I've been (no pun intended) bashing my head against this for several days now and I haven't had any real luck. I can get the basics, sed replaces and sed appends, but the compare and replace is killing me.

Until now, I had been working on the premise of stripping the ip and hostname from stanza 2 and putting them in a separate file (let's call it hostnames.txt), and then running some sort of nested loop that would compare the ip in the first line of hostnames.txt with each line of the nessus.html file. If it found a match, it would attempt a sed replace and then an append based on what those lines look like. I assumed that no other lines would match, and therefore no replace or append would take place until it found the appropriate line. Unfortunately, the nested while loops didn't work, so I've tried rewriting the script multiple times in different ways but nothing is working for me.

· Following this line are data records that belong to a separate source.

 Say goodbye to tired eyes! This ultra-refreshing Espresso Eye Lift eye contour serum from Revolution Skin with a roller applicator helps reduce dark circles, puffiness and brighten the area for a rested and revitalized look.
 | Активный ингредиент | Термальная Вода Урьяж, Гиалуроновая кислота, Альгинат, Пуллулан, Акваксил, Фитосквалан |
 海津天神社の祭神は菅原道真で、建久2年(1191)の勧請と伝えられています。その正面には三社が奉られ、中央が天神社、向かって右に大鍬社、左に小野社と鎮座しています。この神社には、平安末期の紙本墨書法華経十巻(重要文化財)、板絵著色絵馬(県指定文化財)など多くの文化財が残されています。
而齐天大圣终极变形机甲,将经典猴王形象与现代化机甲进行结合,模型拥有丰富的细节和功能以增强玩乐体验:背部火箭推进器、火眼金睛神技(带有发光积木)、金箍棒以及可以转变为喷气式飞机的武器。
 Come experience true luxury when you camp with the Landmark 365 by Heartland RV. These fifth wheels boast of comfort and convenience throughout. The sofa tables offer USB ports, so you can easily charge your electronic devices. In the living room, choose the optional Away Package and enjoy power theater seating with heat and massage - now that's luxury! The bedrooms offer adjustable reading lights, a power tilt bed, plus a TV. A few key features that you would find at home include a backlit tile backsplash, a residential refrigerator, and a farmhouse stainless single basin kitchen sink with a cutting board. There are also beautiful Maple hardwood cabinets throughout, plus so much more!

I'm relatively new to any bash script longer than 15 lines or so, so I would appreciate any "pointing in the right direction" that anyone can offer.

Thanks!

Mike

Sergei Steshenko · 04-14-2010, 12:23 PM

Quote:

Originally Posted by melee

Hey all, I'm having a bit of a problem with a script I'm trying to write. I'll try to give as many details as possible without overwhelming anyone with huge code blocks....

Essentially what I want the script to do is edit an html file based off of the contents of that same file. I'll give an example. FYI, for any of you that are familiar with the html pages that nessus creates, this should look familiar.

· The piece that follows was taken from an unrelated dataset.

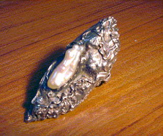NO.2 「ナメクジクン頑張れリング はっきり言って、凶器に近いです(笑 一関節と手の甲をを少々包みます。。。 作成法としては、シリンジで遊んでます〜^^; 「中子」には、ティッシュ使用。 上の淡水パ-ルの部分は へこませて作成し、 エポキシ樹脂で貼り付けてあります。 ぐにゃぐにゃっとゴシック調(のつもり・・笑 「ナメクジ君」は、友人が命名。 さぁ、ナメクジ君、 頑張って岩場を抜け出すんだ!!
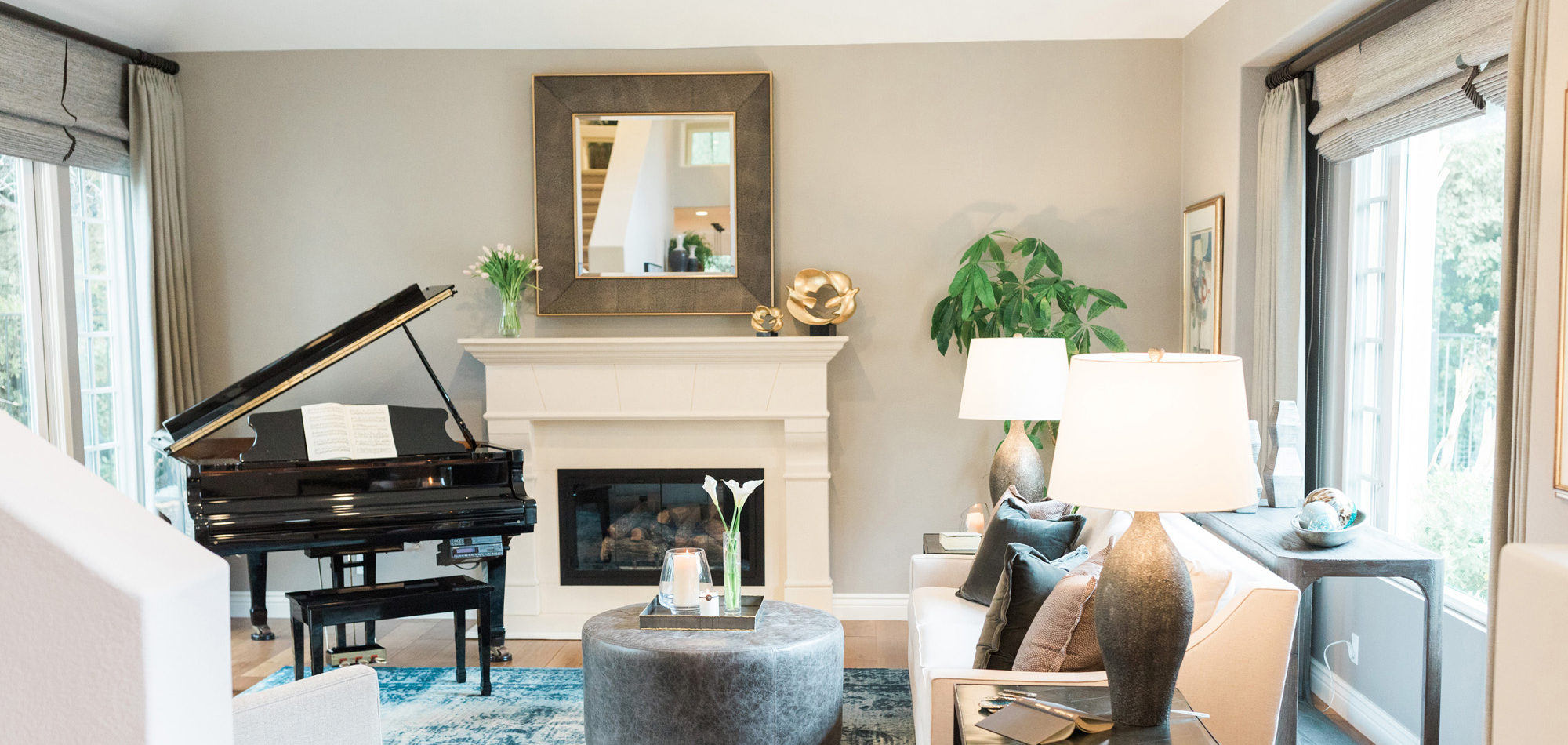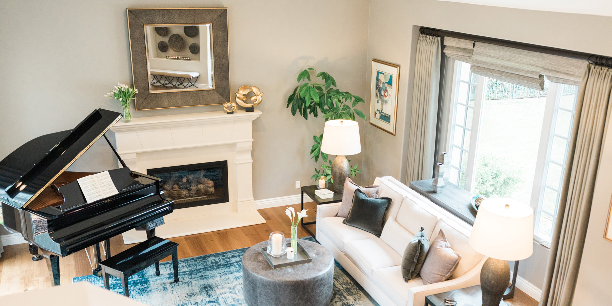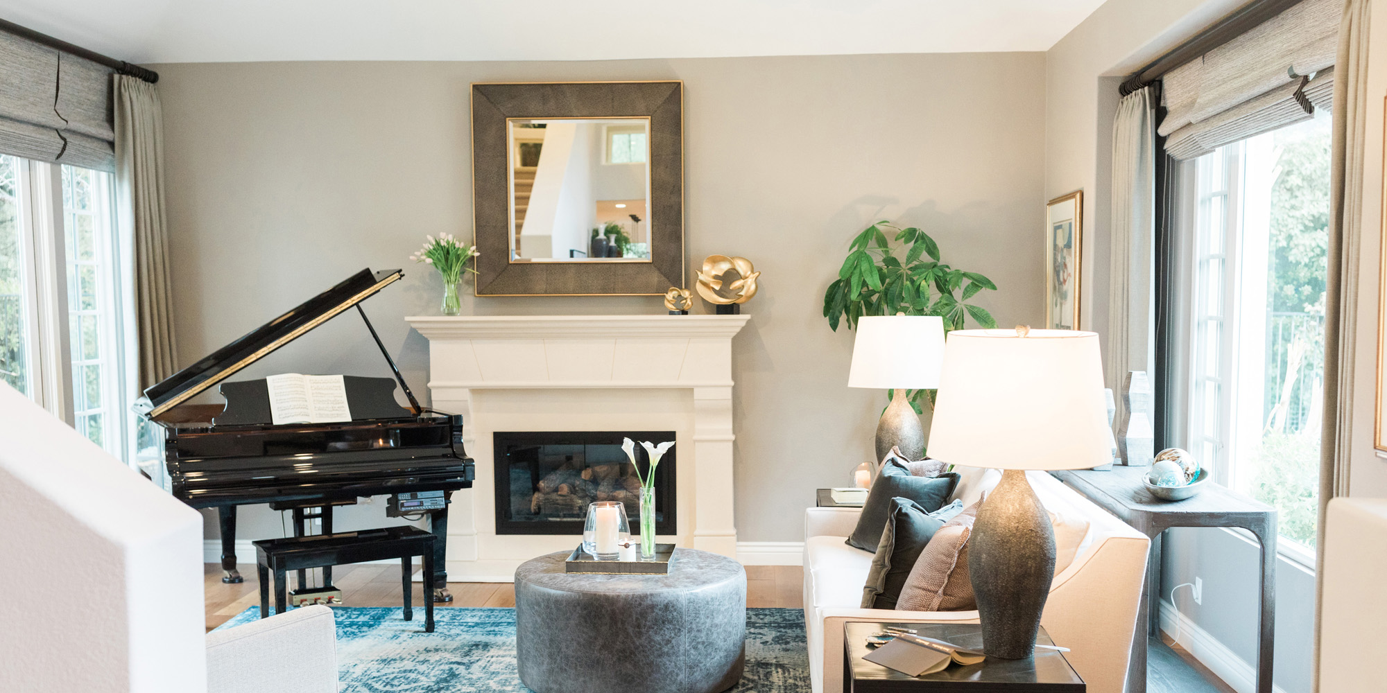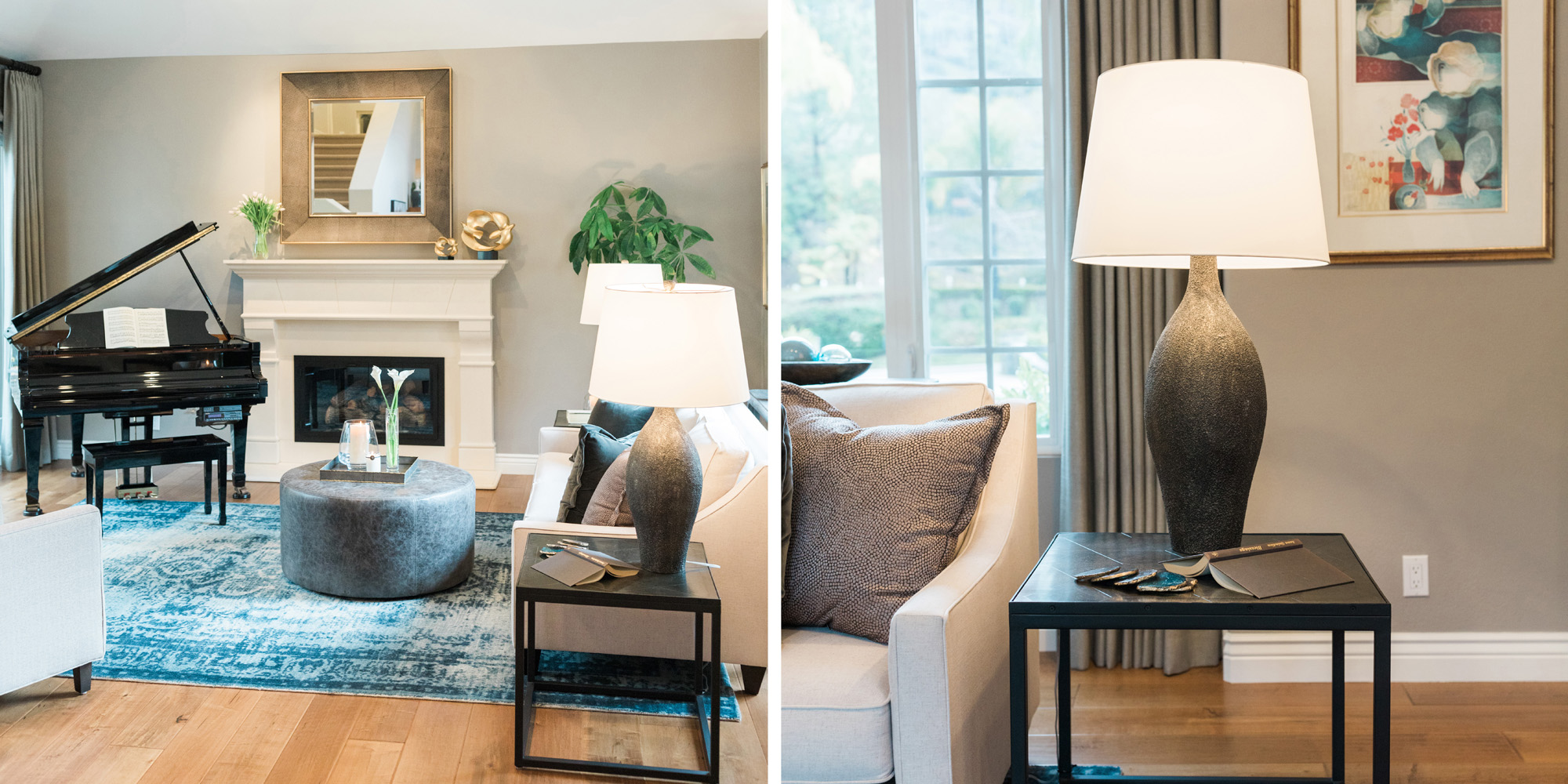 There was a large niche in the foyer that required a point of interest. A piece of art seemed too predictable, so we recommended a collection of handmade bowls. The couple agreed it felt like treasured pieces from their travels. The living room housed a baby grand piano, and it was important to consider the location to protect it from light and a furniture arrangement to compliment and provide ample seating. The room is now elegant yet welcoming.

The file in question has lines like this:

Code:

	 <td class=default width="60%"><a href="#172_27_1_107">172.27.1.107</a></td>
	<td class=default width="40%">Security warning(s) found</td></tr>

and then way at the bottom of the file, it has lines like this:

Code:

<br>
172.27.1.107 resolves as generic.hostname.com.<br>

<br>

What I need to do is strip the ip address and hostname from the second stanza, and then edit the first stanza so it looks like this:

Code:

	 <td class=default width="30%"><a href="#172_27_1_107">172.27.1.107</a></td>
	<td class=default width="30%"><a href="#172_27_1_107">generic.hostname.com</a></td>
	<td class=default width="40%">Security warning(s) found</td></tr>

I've been (no pun intended) bashing my head against this for several days now and I haven't had any real luck. I can get the basics, sed replaces and sed appends, but the compare and replace is killing me.

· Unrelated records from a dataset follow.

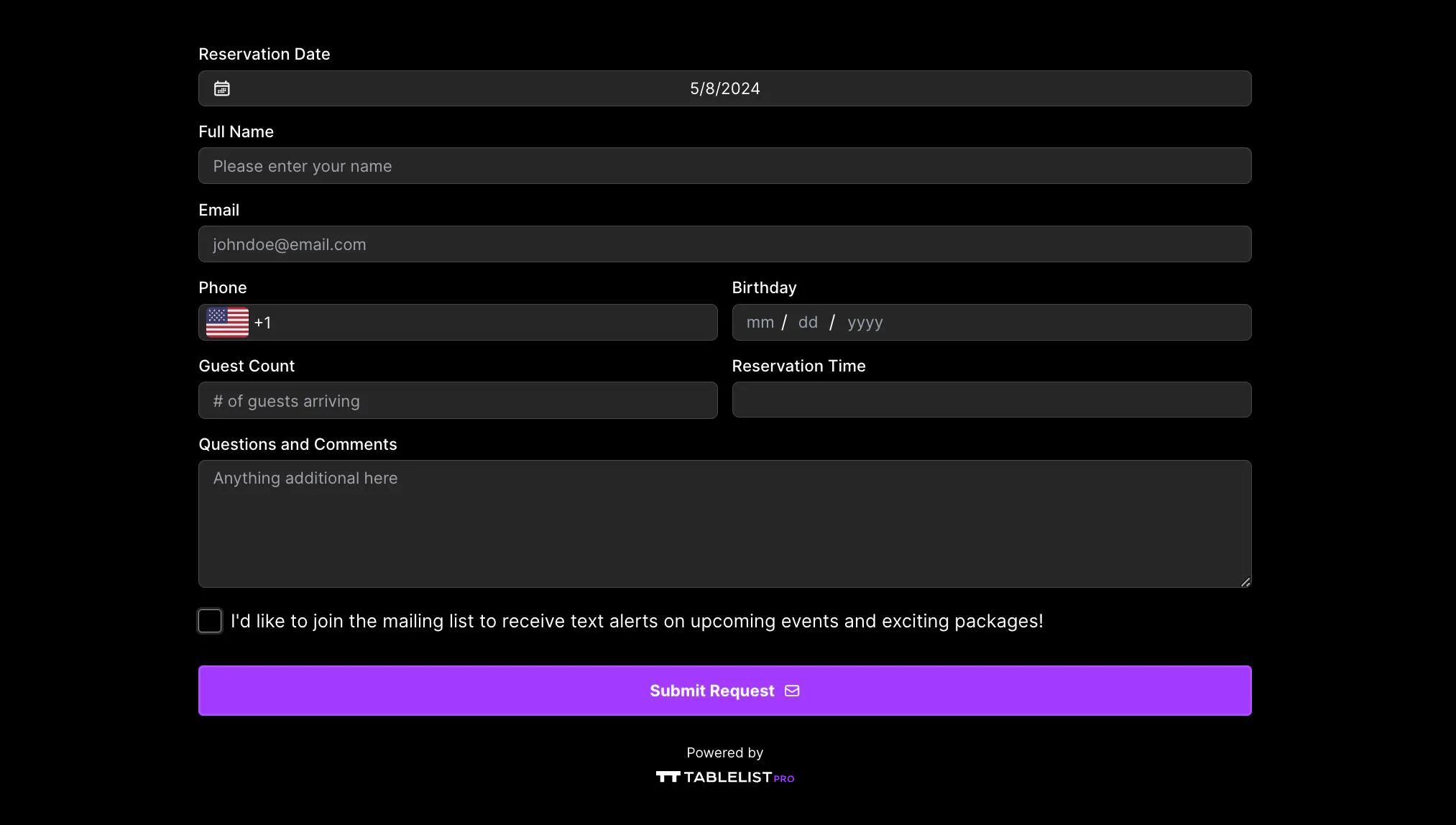The Reservation Request Form collects reservation inquiries directly from your website. Customers share their info and group details, and once submitted, you'll get notified so you can follow up and confirm.
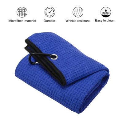 This microfiber towel is suitable for golf courses clubs and other places it can keep clubs balls and hands dry during golf games or training very suitable for golf enthusiasts. This tri-fold golf towel is made of microfiber material which is super absorbent and easy to clean. There are 3 hanging holes on the top of the towel which can be folded and hung. At the same time, it is convenient to fold up and use and it is not easy to fall apart when wiping. It comes with a D-shaped hang hook so you can hang it on your backpack or belt to avoid the loss of towels and it is light and portable. Please note that the size is correct before placing an order.
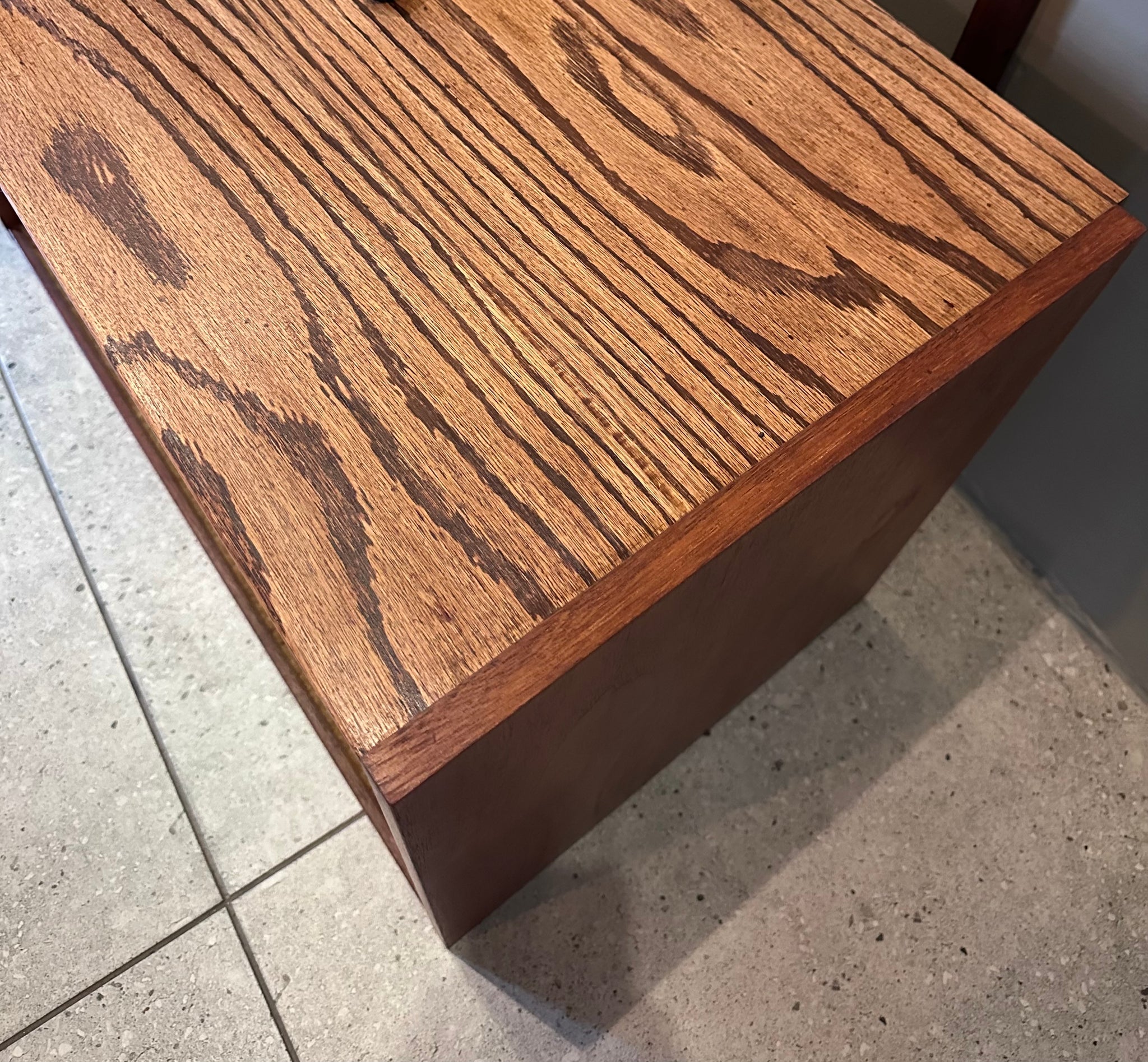 As with many Mid-Century pieces, this item features a thoughtful combination of solid wood and high-quality wood veneer. Veneer has a long and respected tradition in furniture making, valued for both its aesthetic and structural benefits. When crafted with skill and applied in substantial thickness, vintage veneer proves highly durable, allowing for careful restoration, including retouching, sanding, and refinishing without compromising the integrity of the piece.

Until now, I had been working on the premise of stripping the ip and hostname from stanza 2 and putting them in a separate file (let's call it hostnames.txt), and then running some sort of nested loop that would compare the ip in the first line of hostnames.txt with each line of the nessus.html file. If it found a match, it would attempt a sed replace and then an append based on what those lines look like. I assumed that no other lines would match, and therefore no replace or append would take place until it found the appropriate line. Unfortunately, the nested while loops didn't work, so I've tried rewriting the script multiple times in different ways but nothing is working for me.

I'm relatively new to any bash script longer than 15 lines or so, so I would appreciate any "pointing in the right direction" that anyone can offer.

Thanks!

Mike

And why are you trying to do this in 'bash' in the first place ?

The book method is:

parse (i.e. convert into a data structure);
modify the data structure;
reconstitute from the modified data structure.

For example, Perl has had HTML parser modules for years, so using an HTML parser in Perl you can do the job.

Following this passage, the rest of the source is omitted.